Richard Hill, a director at Symantec and a former chairman and chief executive of Novellus Systems, has been appointed interim president and chief executive of Symantec, effective immediately. Hill succeeds Greg Clark, who has stepped down as president and CEO and as a member of the Symantec, also effective immediately. The company will commence a search process to find a permanent CEO.

Advantest has extended its V93000 tester for next-generation 5G radio-frequency devices The new V93000 Wave Scale Millimeter solution features multi-site parallelism to support mmWave frequencies. In addition, Advantest has also introduced its GPWGD high-resolution module with an analog-performance digitizer for its T2000 tester. The module is used to test high-resolution audio digital-to-analog converters (DACs), embedded in power-management ICs (PMICs), and high-resolution audio devices.

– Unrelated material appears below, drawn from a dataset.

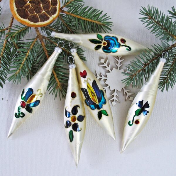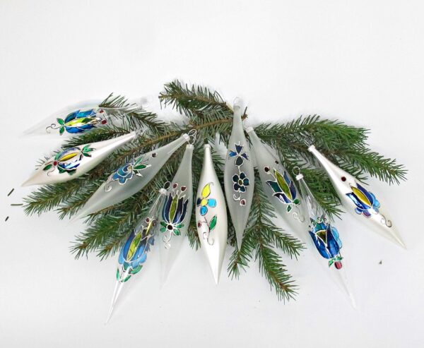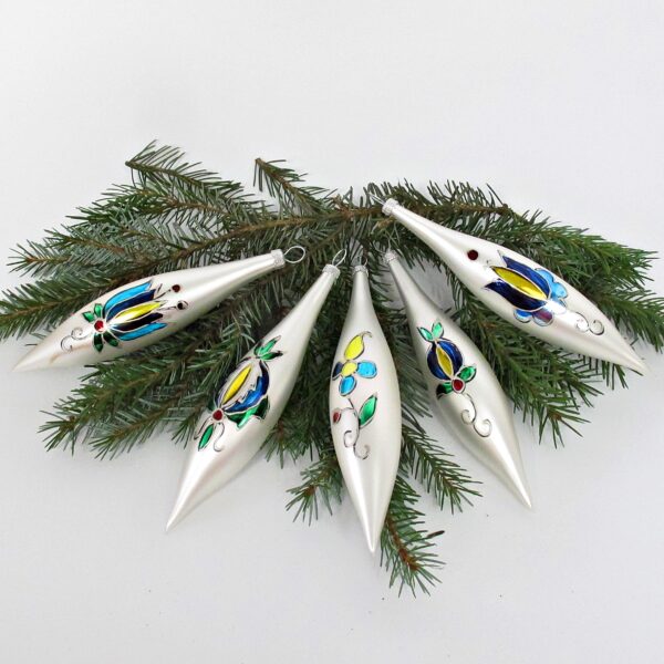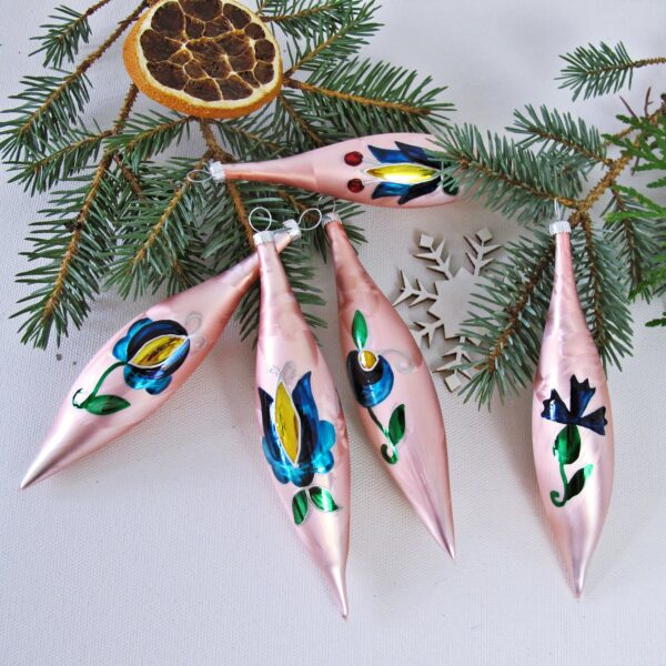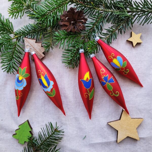 Ręcznie zdobione bombki – sople (zestaw 5 szt.)

National Instruments (NI), Radisys and CommScope have collaborated to demonstrate a 28GHz 5G New Radio (NR) network. This first public demonstration of the three companies’ collaboration shows a 28GHz base station based on various technologies.

Market research
According to Strategy Analytics, global smartphone shipments fell 4% to reach 330 million units in the first quarter. Samsung maintained first position with 22% global smartphone market share in the first quarter of 2019, staying ahead of Huawei in second, followed by Apple in third place.

Last month, Texas Governor Greg Abbott announced that Texas Instruments will increase its presence in Richardson, Texas and build a new 300mm analog fab there. Upon completion, the new facility is expected to create more than 488 jobs and represent more than $3.1 billion in capital investment. Who is the biggest analog chipmaker? “With analog sales of $10.8 billion and 18% market share, Texas Instruments maintained its firm grip as the world’s leading supplier of analog devices. TI’s 2018 analog sales increased $0.9 billion and were nearly twice those of second-ranked Analog Devices and more than 10x those of tenth-ranked Renesas, one of two companies among the top 10 to experience a decline in analog sales,” according to IC Insights.

The total market for photonic integrated circuit transceivers will grow from around $4 billion in 2018 to around $19 billion in 2024, from around 30 million units to around 160 million units, according to Yole.